Read_Addr y Write_Addr son buses de datos de 2 bits, pueden tomar los valores 00 - 01 - 10 - 11. Son cada una de las 4 direcciones de memoria que tiene tu RAM, por tanto puedes almacenar 4 valores distintos de 4 bits (el ancho del bus de datos es 4). Con esas entradas le estás indicando a la RAM qué posición quieres leer o escribir.

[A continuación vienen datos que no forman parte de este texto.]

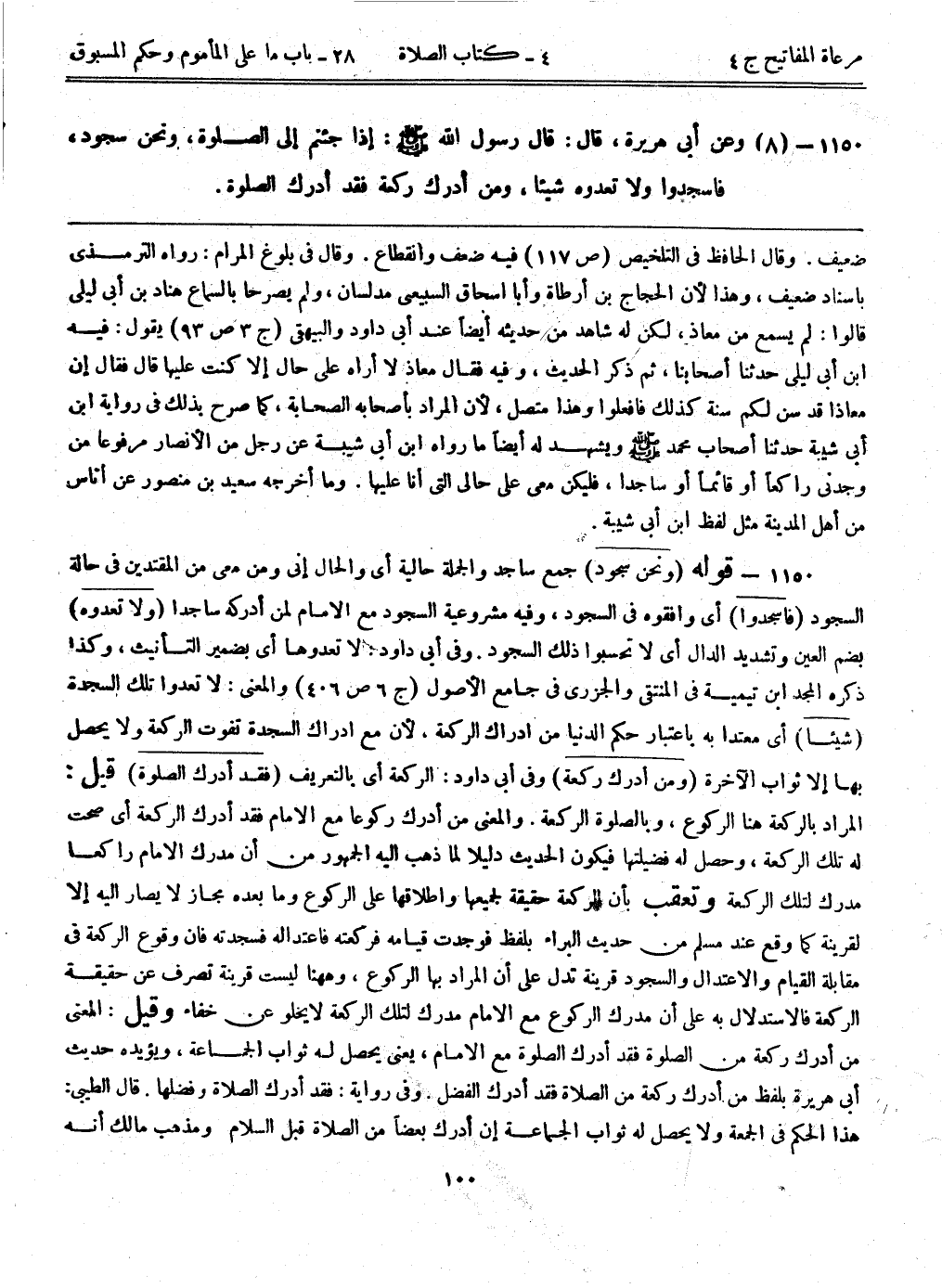 1150- (8) وعن أبي هريرة، قال: قال رسول الله - صلى الله عليه وسلم -: ((إذا جئتم إلى الصلاة، ونحن سجود، فاسجدوا ولا تعدوه شيئاً، ومن أدرك ركعة فقد أدرك الصلاة)) .

conv_integer lo que hace es convertir a entero un bus de datos binario, es decir convertiría los anteriores valores respectivamente a 0 - 1 - 2 - 3

finalmente tmp_ram(x) es un array, para acceder a los elementos del array tienes que pasarle el valor entero del elemento al que quieres acceder, que es esa x que puse (x = 0 - 1 - 2 - 3)


----------



## felipeyeah (Feb 19, 2011)

o*y*e amigo, que programa *h*-usas para programar en vhdl, yo siempre he querido hacer algún circuito y descargue uno pero no se pudo..:S

emm.. *Qu*e 'cosas' *h-*usas para programar y diseñar circuitos? 
te agrade*c*ería que me dijeras para que yo me iniciara en esto..

saludos!


----------



## electronacho (Feb 26, 2011)

yo uso el xilinx 10.1, y para simular uso el que trae ese programa

Ferny, te queria agradecer tu ayuda, me fue muy util. te cuento que no pude hacerla al final, no se porque; y como me acortan los tiempos opte por hacer la memoria en hardware, ya que no es un circuito muy complcado ni muy grande. Cuando tenga un poco mas de tiempo pienso resolver el problema porque me quede con la pica.
Desde ya muchas gracias


----------